So since it is hard to eliminate reflections, I sorta think if you can reduce the level of direct sound it will make it more intelligible. Trying to tame reflections still has to be done.... You just can't have a barrage of echoes... But when you have reduced reflection as much as possible..I then try to reduce the sound of one of the twins...the direct sound, because it is the easier of the two twins to make quiet. Then the brain has an easier time sorting the sound. 

If you can tame reflections to near the home environment levels or studio levels ...then your approach is clearly the best possible,I just haven't had the experience to get to that level yet in car audio...so this was my oddball solution.

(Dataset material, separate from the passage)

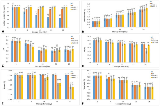 The change in moisture content (A), titratable acidity (B), pH (C), fat content (D), protein content (E), and total solids content (F) of Iranian white cheese at different treatments during 28 days of storage at 4 °C. C: uncoated sample, W: whey protein concentrate coating, WCEO1: whey protein concentrate containing 1 percent v/v CEO, and WCEO2: whey protein concentrate containing 2 percent v/v CEO.

It seems to work extremely well.


----------



## TOOSTUBBORN2FAIL (Jan 31, 2011)

asota said:


> Again I agree......My take on great car audio is to:
> 1) Maximize source quality
> 2) Maximize path lengths
> 3) Minimize reflections
> ...


And, how much of a path length difference do you propose would allow good imaging without some sort of time alignment? From experience, 9.5" PLD's still benefits from time alignment. 9.5" is much better than most people can get. In order to get that, I picked a car with a deep dash. I put the speakers as close to the firewall as was physically possible. The seats were moved back 3", and inwards towards the center of the car 1.25". I'm easily 5' away from the passenger speaker. Yet, it still needs time alignment to sound as it should. True, reversing the polarity on one of the mids made it better, for both seats, but wasn't anywhere close to the improvement time alignment made.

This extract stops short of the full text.